Why we collect this data: To gather the necessary information needed to fulfil the requirements of any optional competition, promotion, survey or feedback campaign we may run.
- Direct requests for information and services: As a business we also provide content generation and certain website management services. You may supply us with personal details including contact details if entering into correspondence with us regarding these services or with any other request for information. This can be through phone, post, email or website contact forms.
Why we collect this data: To effectively deal with any request for information or to provide any services you may have requested.
2c. Failure to provide personal data.
We will only collect personal data which is required for specific reasons such as the operation of our websites or the fulfilment of services provided. You are under no obligation to provide us with any information requested, however please be aware that if you fail to provide information when requested, we may not be able to provide you with services offered or fulfil any contract we have or are trying to enter into with you.
Examples of this include but are not limited to: Not being able to fulfil a purchase order without contact and payment details. Not being able to process a request for a website user account without contact details.
3. How we use your personal data.
- We will only use your personal data in accordance with the UK Data Protection Act 2018 and the EU GDPR.
- We will only collect, use, and process your personal data if we have a specific legitimate and lawful business requirement for which the processing of your data is a part.
- We most commonly use your data for the fulfilment of contracts we may have with you, the proper operation of services which we may provide you, and to generate a better understanding of how to improve our services.
- We will only use your data where it does not override your fundamental legal rights regarding the use of such data.

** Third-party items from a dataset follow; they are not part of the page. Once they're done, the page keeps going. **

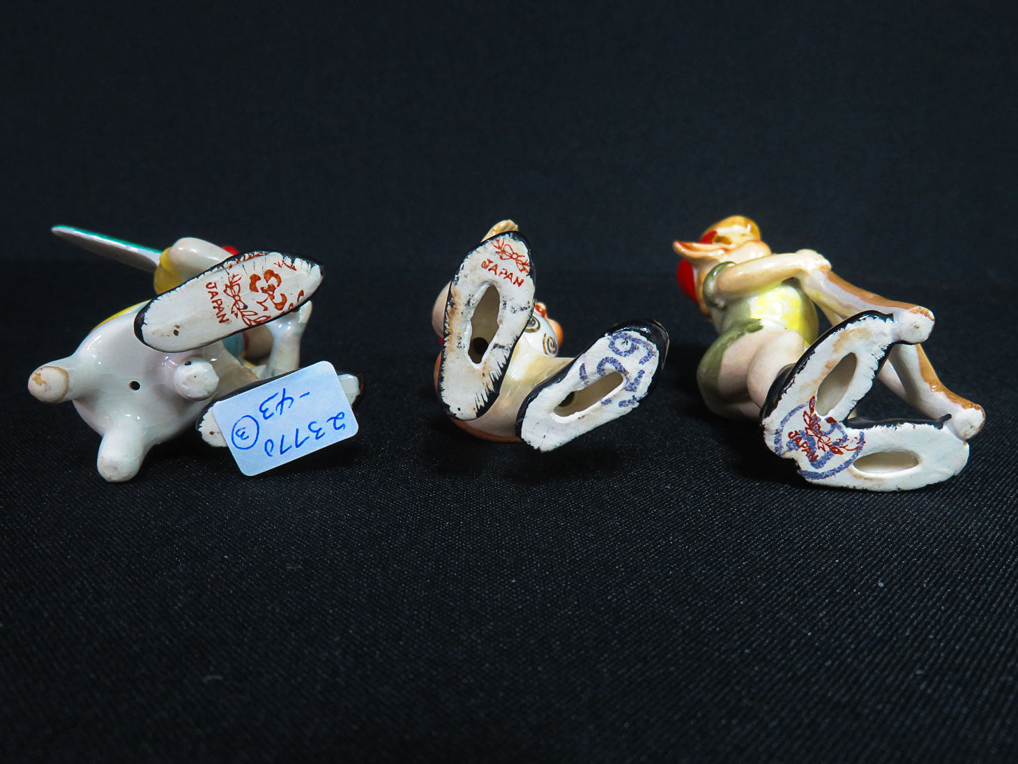 Three 1950s elves with red hats, various poses. One has tiny crack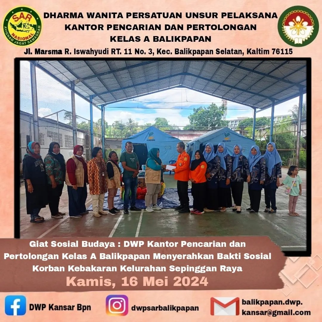 Kamis, 16 Mei 2024 Kepala Sub Bagian Umum dan anggota DWP UP Kantor Pencarian dan Pertolongan Kelas A Balikpapan menyerahkan bantuan hasil penggalangan dana dari pegawai Kantor Pencarian dan Pertolongan Kelas A Balikpapan dan anggota Kantor Pencarian dan Pertolongan Kelas A Balikpapan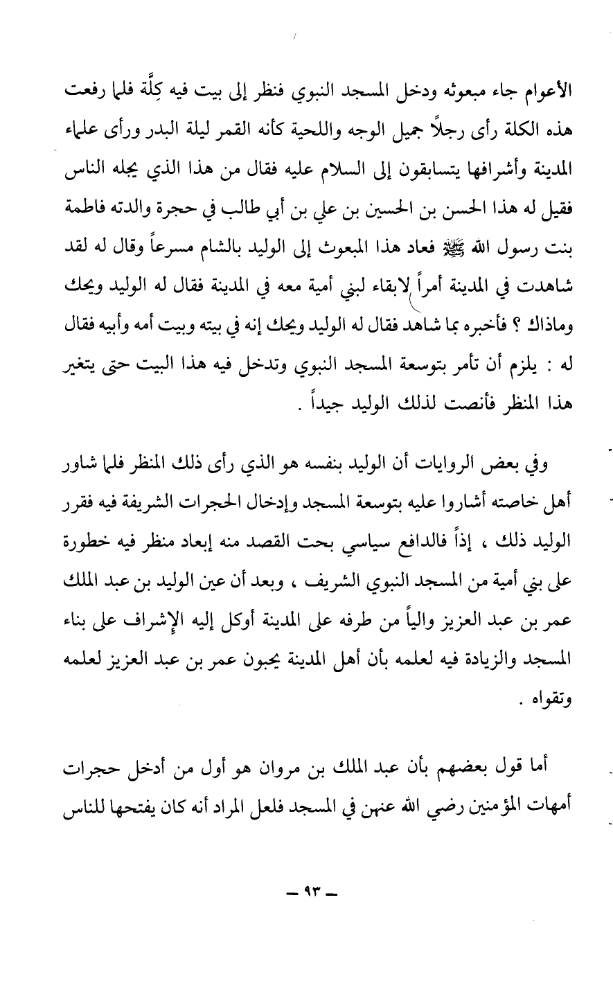 الأعوام جاء مبعوثه ودخل المسجد النبوي فنظر إلى بيت فيه كله فلما رفعت هذه الكلة رأى رجلاً جميل الوجه واللحية كأنه القمر ليلة البدر ورأى علماء المدينة وأشرافها يتسابقون إلى السلام عليه فقال من هذا الذي يجله الناس فقيل له هذا الحسن بن الحسين بن علي بن ابي طالب في حجرة والدته فاطمة بنت رسول الله صلى الله عليه وسلم فعاد هذا المبعوث إلى الوليد ويحك إنه في بيته وبيت أمه وأبيه فقال له: يلزم أن تأمر بتوسعة المسجد النبوي وتدخل فيه هذا البيت حتى يتغير هذا المنظر فأنصت لذلك الوليد جيداً.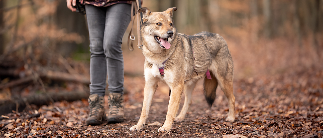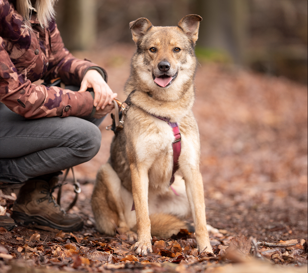 Die lauffreudige Hündin ist gerne mit ihren Gassigehern in der Natur unterwegs und läuft schon gut an der Leine.

- We may use your data to contact you with marketing emails or to provide you with other subscription services by email, post, or phone. We will only do this with your specific opt-in permission.
- We may use your data to register you as a new client or to set up a website user account.
- We may use your data to process any online orders placed and to deliver any products or services to you.
- We may use your data to enable you to partake in competitions, promotions, surveys and to provide us with feedback.
- We may use your data to manage and protect our business and websites. Including data analysis, troubleshooting, system testing, traffic analysis, spam and malicious activity protection.
- We may use your data to provide you with relevant website content, links, and advertising. As well as helping us understand the effectiveness of the advertising we serve you.
- We may include your data in analytics which enable us to improve our websites and services and to provide a better user experience.
3a. Who we may share your data with.
We will only share your directly collected personal data outside of our company for selected specific reasons.
- Third party marketing: We will obtain your express consent to share your details with third party companies for marketing purposes, such as sponsored competitions and promotions.
- Debt recovery: We reserve the right to transfer your contact and transaction details to a third party collection agency in the event any funds due to us for services or items provided are not received after all other reasonable attempts at recovery have been exhausted. In this instance we will provide you with adequate warning in writing by post and/or email.
- Law enforcement: We will pass your details onto any relevant law enforcement agencies only if it is required of us to do so by UK law. If such requests are made by any agency outside of the UK, we will seek legal advice from relevant UK authorities immediately.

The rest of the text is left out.